If you bind a name to a different object, that's just what happens. There's no magic done to the other names, they stay just the way they are.
As for the example with lists:
In [1]: smalllist = [0, 1, 2]
In [2]: biglist = [smalllist]
In [3]: biglist
Out[3]: [[0, 1, 2]]
Instead of In[1] and In[2], I might have written:
In [1]: biglist = [[0, 1, 2]]
In [2]: smalllist = biglist[0]
This is equivalent.
The important thing to see here, is that biglist is a list with one item. This one item is, of course, an object. The fact that it is a list does not conjure up some magic, it's just a simple object that happens to be a list, that we have attached to the name smalllist.

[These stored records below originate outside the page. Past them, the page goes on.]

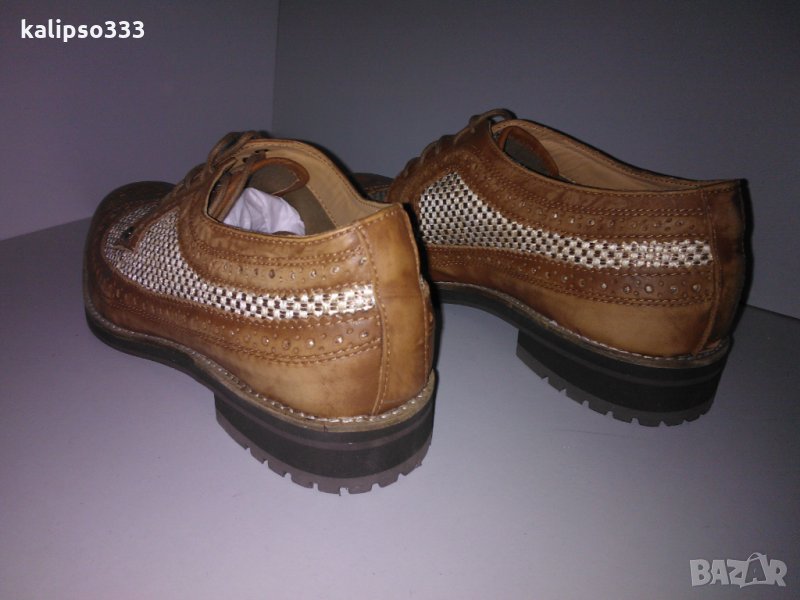 Обувките са изработени от естествена кожа със състарен ефект и текстил.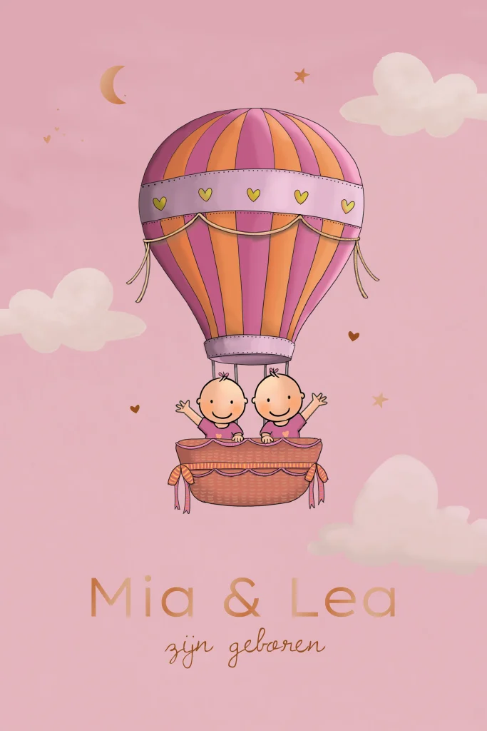 Geboortekaartje tweeling meisjes in ballon roze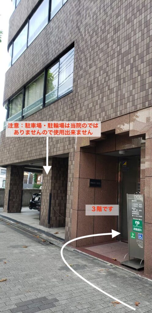 - 当院のビルに到着です。駐車場・駐輪場は当院のではありませんので駐車できません。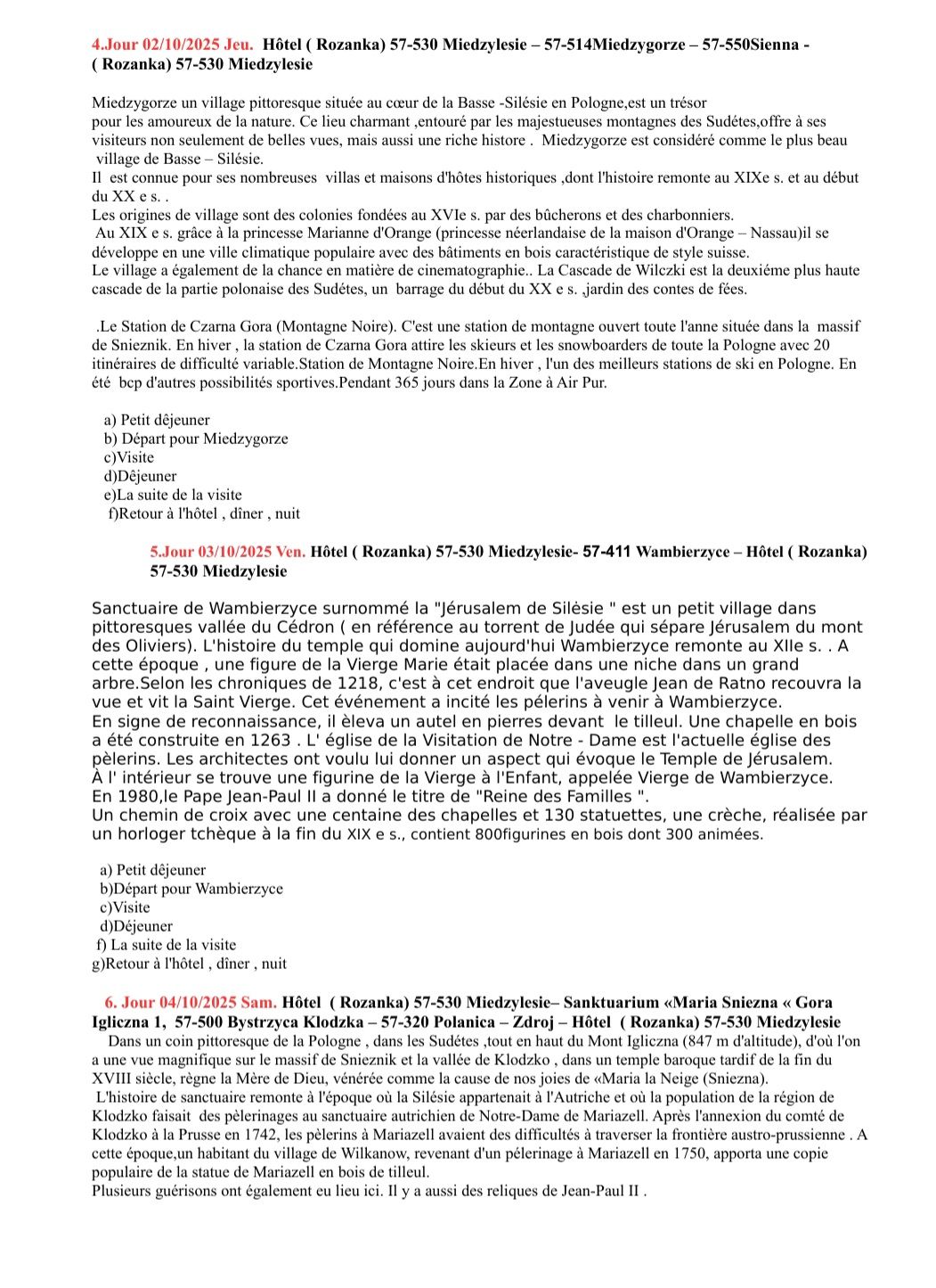 Programme du voyage en Pologne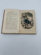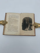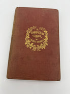 Canvas binding in iconic cinnamon color. Embossed detailing on the front and back boards. Gilt detailing and lettering on the spine and front board. Gilt edges and four hand colored illustrations throughout. Weak binding with boards coming away from the interior pages. Sun fading to the spine and minor spots of discoloration on the boards. Good condition overall.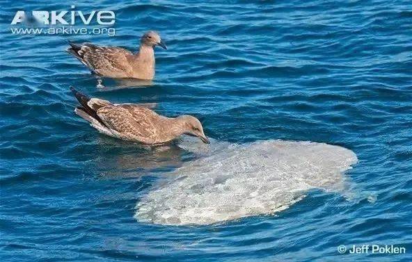 海鸥在啄食翻车鲀体表的寄生虫 | Jeff Poklen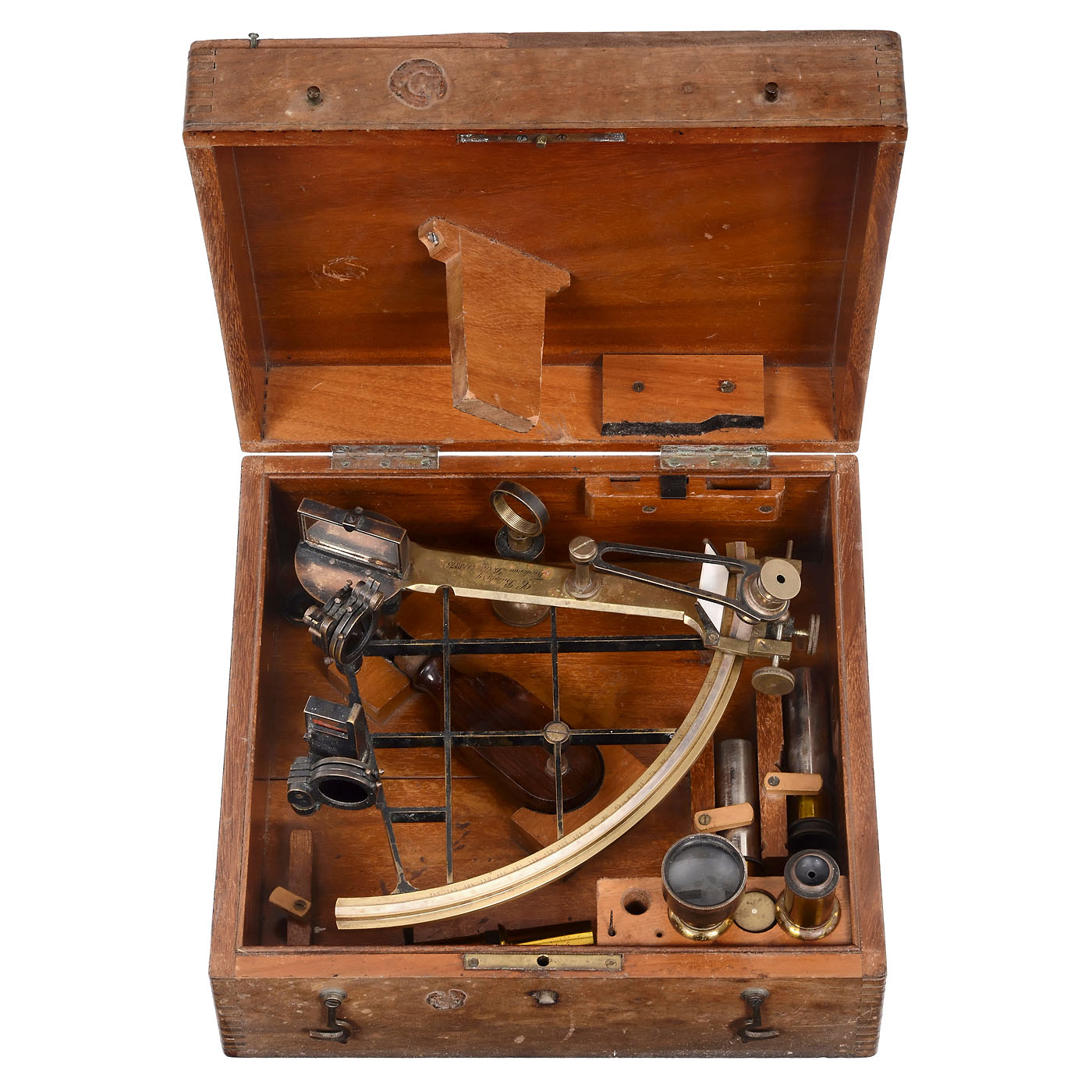 No. 8374, engraved "C. Bamberg, Friedenau-Berlin", lacquered and burnished brass, silver scales, 7 filters, magnifying glass, 2 telescopes, in original mahogany case, good original condition.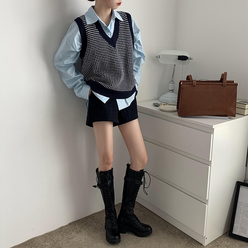 クレセントシティ2020秋新バージョンの赤外線ウェアフード付きチョッキVネックノースリーブニットチョッキベスト女性 クレセントシティ91584408141

So, accessing biglist[i] is exactly the same as accessing smalllist, because they are the same object. We never made a copy, we passed the object.
In [14]: smalllist is biglist[0]
Out[14]: True
Because lists are mutable, we can change smallist, and see the change reflected in biglist. Why? Because we actually modified the object referred to by smallist. We still have the same object (apart from the fact that it's changed). But biglist will "see" that change because as its first item, it references that very same object.
In [4]: smalllist[0] = 3
In [5]: biglist
Out[5]: [[3, 1, 2]]
The same is true when we "double" the list:
In [11]: biglist *= 2
In [12]: biglist
Out[12]: [[0, 1, 2], [0, 1, 2]]
What happens is this: We have a list: [object1, object2, object3] (this is a general example)
What we get is: [object1, object2, object3, object1, object2, object3]: It will just insert (i.e. modify "biglist") all of the items at the end of the list. Again, we insert objects, we do not magically create copies.
So when we now change an item inside the first item of biglist:
In [20]: biglist[0][0]=3
In [21]: biglist
Out[21]: [[3, 1, 2], [3, 1, 2]]
We could also just have changed smalllist, because for all intents and purposes, biglist could be represented as: [smalllist, smalllist] -- it contains the very same object twice.